The 1-percent hike is still a preliminary estimate, Pryor said. “Until we receive the county’s assessment, we can’t be sure how much taxes could go up,” she said.

Pryor’s words came days after Castaic Lake Water received its $21 million water bill from the California Department of Water Resources, which oversees the State Water Project.

The State Water Project delivers water from the Sacramento Delta to thirsty Southern California communities, including those in the Santa Clarita Valley.

Castaic Lake Water Agency is a wholesaler that resells State Water Project water to four Santa Clarita Valley retailers. Those retailers, in turn, sell the water to residents.

State water makes up nearly 50 percent of the drinking water in the Santa Clarita Valley, said Dan Masnada, general manger for Castaic Lake Water.     

Of the $21 million paid to the Department of Water Resources, nearly $16 million pays for the maintenance of the system, the energy plants along the route and the debt service to pay for the state water project, Pryor said.
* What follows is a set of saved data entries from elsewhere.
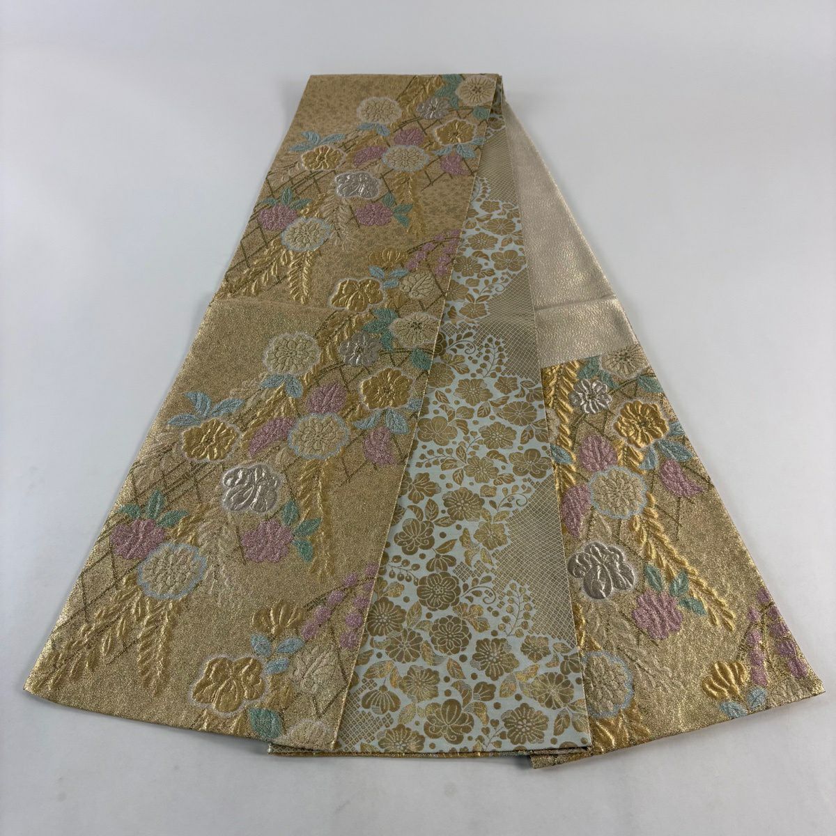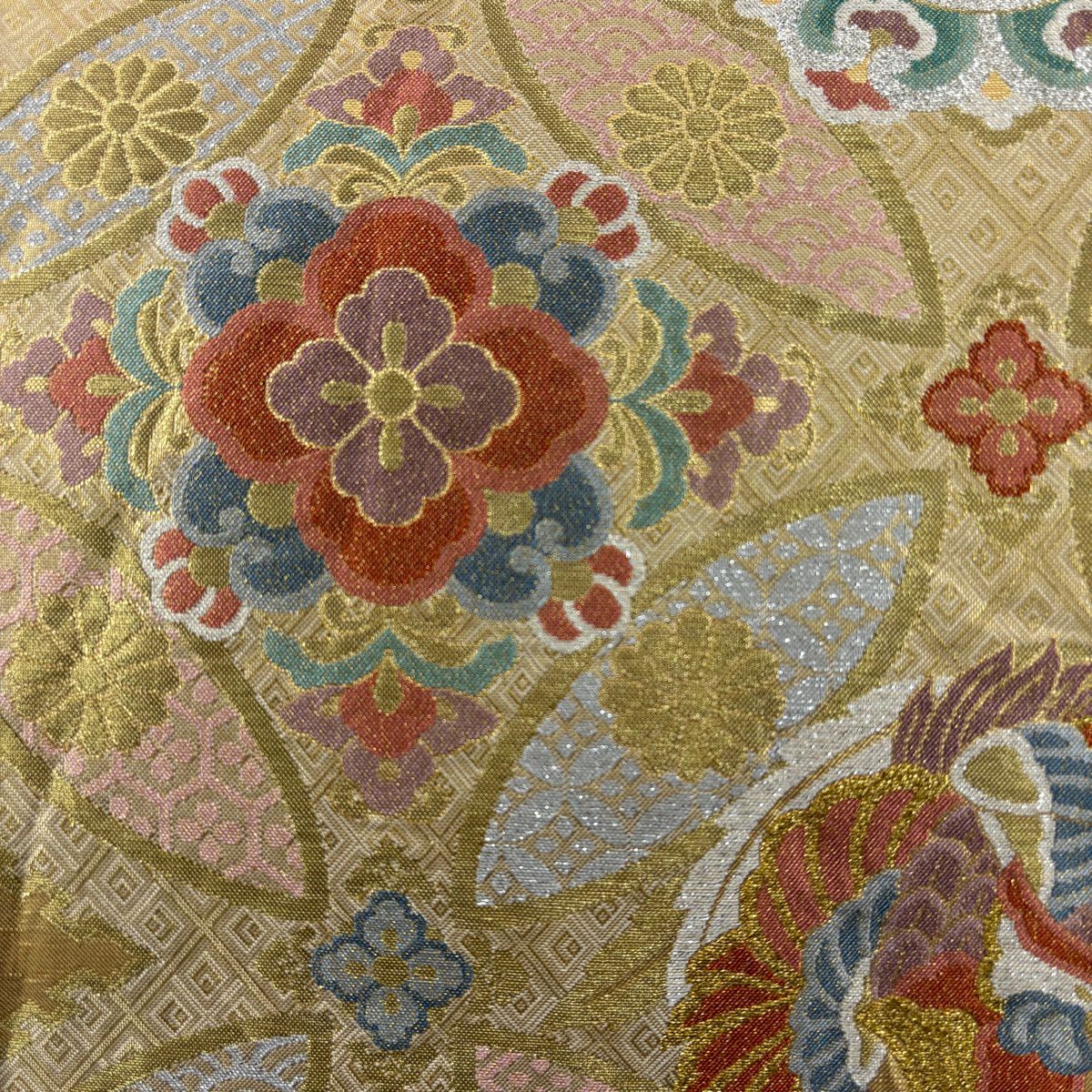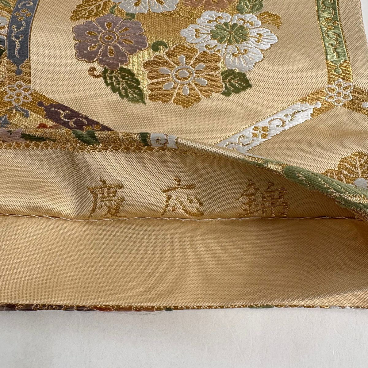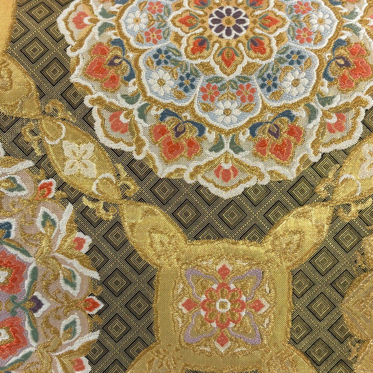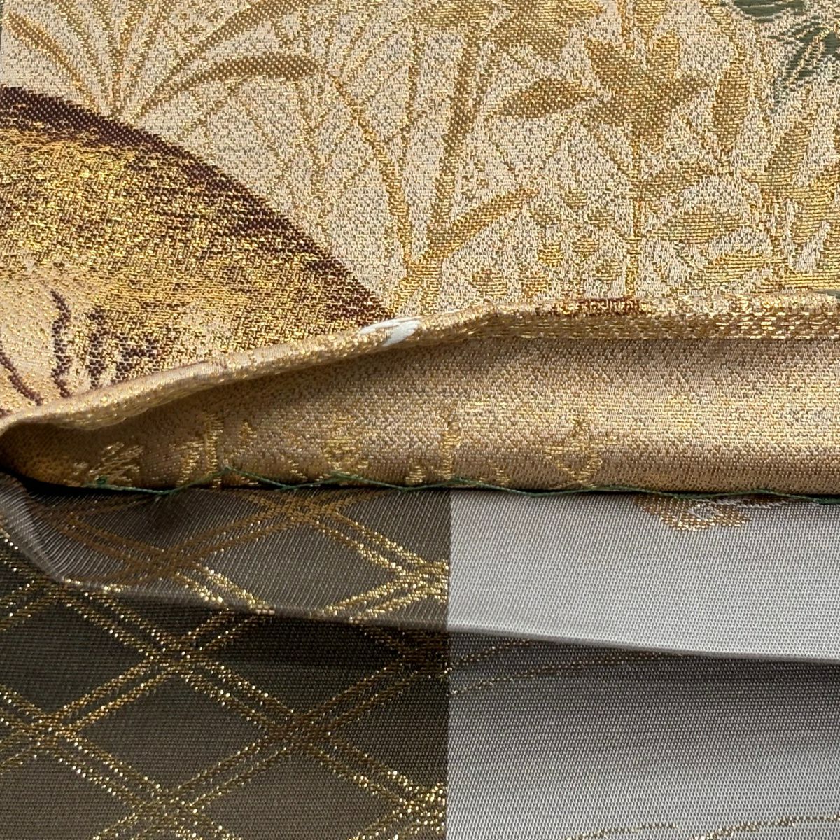 袋帯 秀品 扇面 蜀江華文 刺繍 箔 金茶 お太鼓柄 正絹
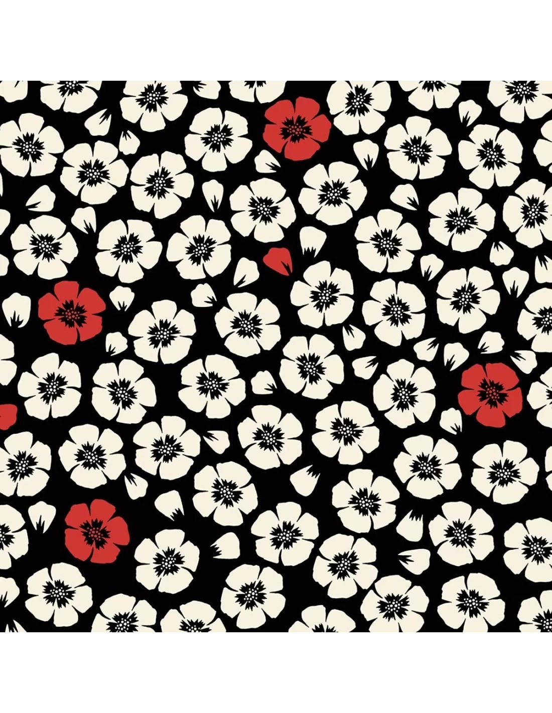 Papier peint vinyle noir se composant d’un parterre de petites fleurs et pétales de coquelicots dans un style minimaliste, Jean Paul Gaultier
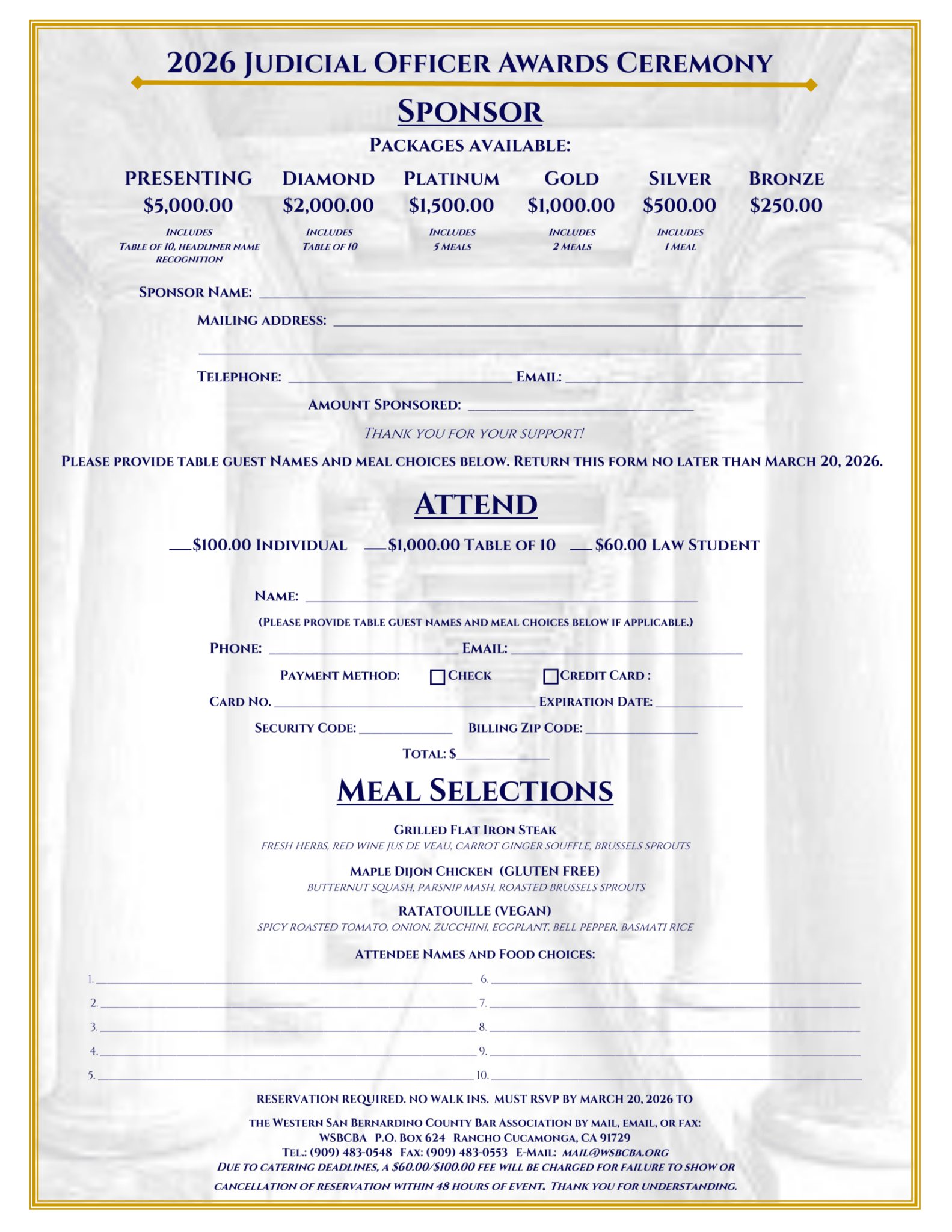 Our donors help ensure that the Bar Association will continue to thrive and provide essential services for the Inland Empire region.  Sponsors will be recognized during the event with a public “thank-you” from the podium. Sponsors will also be listed in each event email note, the event program, the Bar Bulletin newsletter, and on a board displayed at the entrance of the ballroom.

“When the system was constructed between the 1960s and the 1980s, it was debt financed. We’re paying back part of the bond, and those payments don’t end until 2035,” she said.

Another $5 million pays to deliver the water, and the bulk of that cost pays for the energy consumption related to delivering the water to Southern California.
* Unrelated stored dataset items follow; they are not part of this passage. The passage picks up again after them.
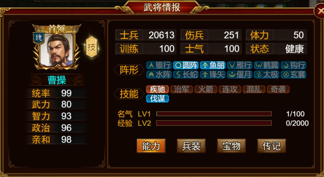 点击曹操头像旁 “技” 的选项,即可查看其首领技能。
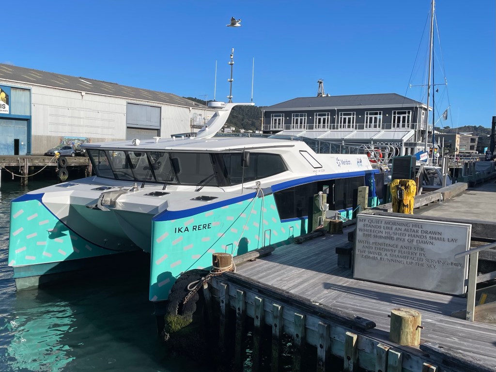 But will the Eileen Duggan poem on the plaque — or at least the sentiments that led to its emplaquification — have a longer-lasting impact on the city than this fancy new catamaran? Is windy Welly a city of writers / readers or a city of fancy green tech? Or maybe a more important question is: can you make the improbably difficult and expensive decision to adopt green tech if you’re NOT a city of writers and readers?
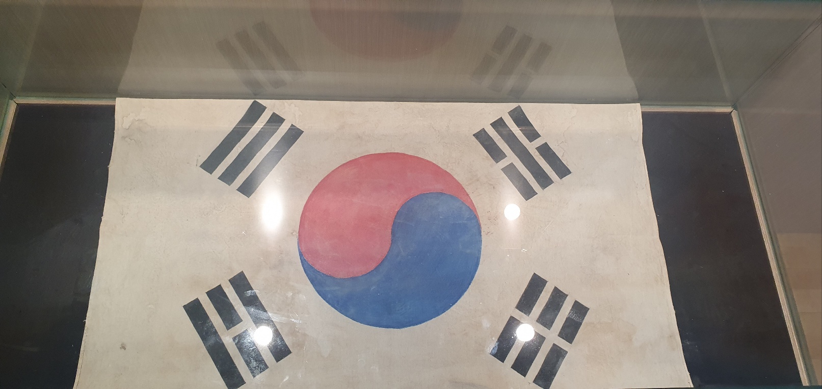 (졸업생 김반수 씨가 증언한, 만세 운동을 위해 여학생들이 태극기를 만든 일화가 태극기와 함께 전시되어 있다.)
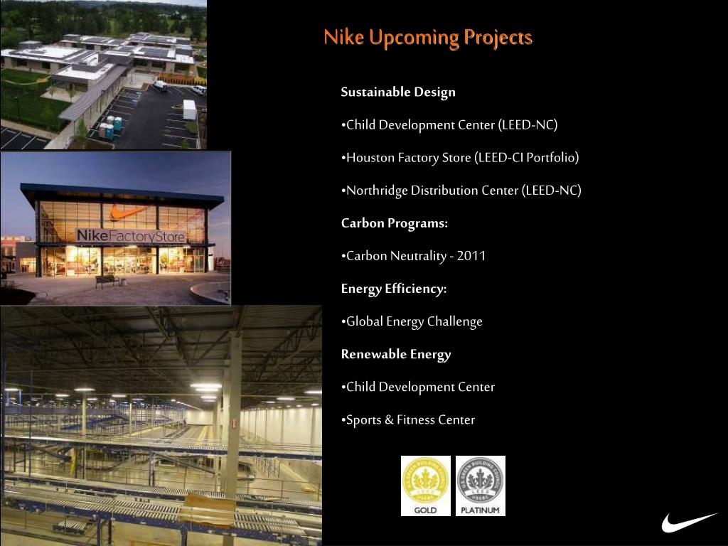 Nike Upcoming Projects • Sustainable Design • Child Development Center (LEED-NC) • Houston Factory Store (LEED-CI Portfolio) • Northridge Distribution Center (LEED-NC) • Carbon Programs: • Carbon Neutrality - 2011 • Energy Efficiency: • Global Energy Challenge • Renewable Energy • Child Development Center • Sports & Fitness Center
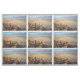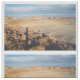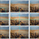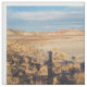 Stylish fabric features a repeated photograph of Petrified Forest National Park near Holbrook, Arizona. Desert grasses angle across the lower left of the photo. Sand spans the next wedge to the distant striated hills on the horizon. A cloudy sky tops the image. A waving shadow self-portrait rises from the bottom of the frame.
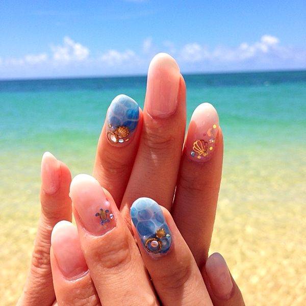 根本にシルバーラメを散らして、ゴールドのシェルやスターフィッシュはポイントに♡
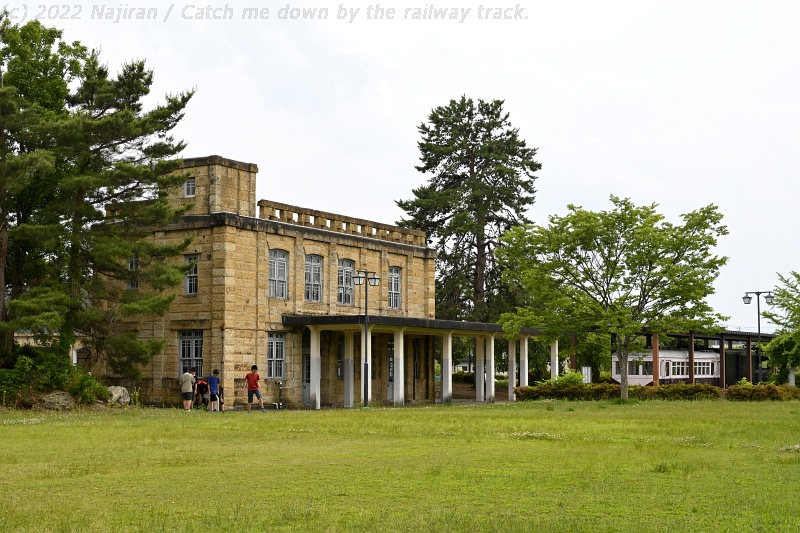 駅舎の裏側には、かつて線路が敷かれていた跡地が公園として残され、あちこちに高畠石でできた、かつての変電施設や倉庫などの建築物が保存されています。
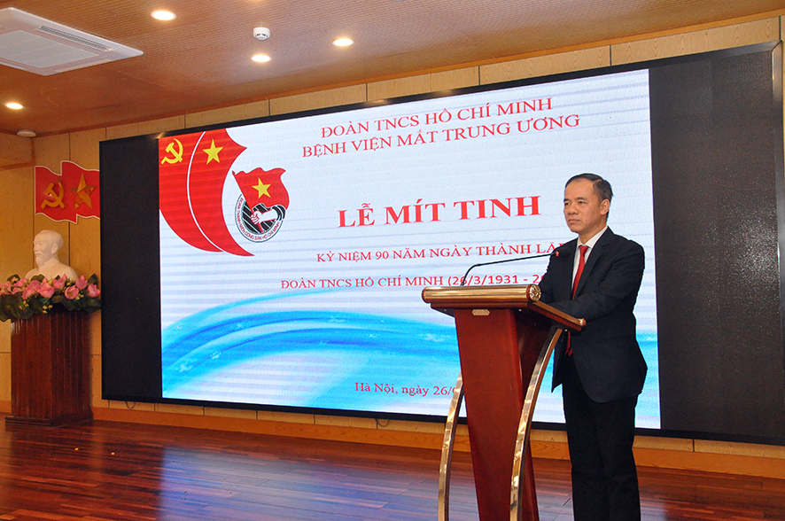 Mở đầu buổi lễ BS. Trần Trung Kiên – Bí thư Đoàn Thanh niên đã ôn lại lịch sử vẻ vang 90 năm của Đoàn TNCS Hồ Chí Minh với các truyền thống yêu nước nồng nàn, trung thành tuyệt đối với Đảng, với nhân dân và chế độ XHCN; truyền thống của đội quân xung kích Cách mạng dám đón lấy nhiệm vụ nặng nề, đi tới những nơi khó khăn, sáng tạo không ngừng; truyền thống đoàn kết trong lớp người cùng lứa tuổi trong các tổ chức Đoàn hội gắn bó với nhân dân; truyền thống hiếu học để tự mình nâng cao trình độ chính trị, văn hoá, khoa học kỹ thuật, say mê sáng tạo trong các hoạt động thực tiễn, cống hiến sức trẻ của mình cho sự nghiệp của dân tộc, của Đảng.

“Almost all the $5 million goes toward energy,” Pryor said.

News of the proposed tax rate increase rankled some Santa Clarita Valley residents.

Jimi Corona, a 40-year-old real estate agent from Canyon Country, said raising taxes tarnishes the allure of moving to Santa Clarita.

“There is still a desire to move to Santa Clarita, but everyone wants in at an entry-level price range. With very few choices in the housing market at that price, higher taxes don’t make anything easier.”

Allison Willis, a 46-year-old social worker from Castaic, likened the proposed increase in taxes to the increase in other utilities.

“I’m strongly against the tax and feel it’s similar to the utilities scandals in which the price of electricity skyrocketed,” she said.

Willis said the priority should shift from tax increases to how water utilities are using the allotted resources.

“The water authorities seem to feel we have plenty of water when we open a new development, especially the Newhall Ranch Project,” she said. “If there is insufficient water, then these developments shouldn’t be approved.”

With continuing calls for conservation by state and local water agencies, Willis wants to make sure the Santa Clarita Valley has enough water to maintain existing residences.

“I don’t want to turn my yard into a rock garden to provide water for thousands of more residents,” she added.

Intern Evin Giglio contributed to this report.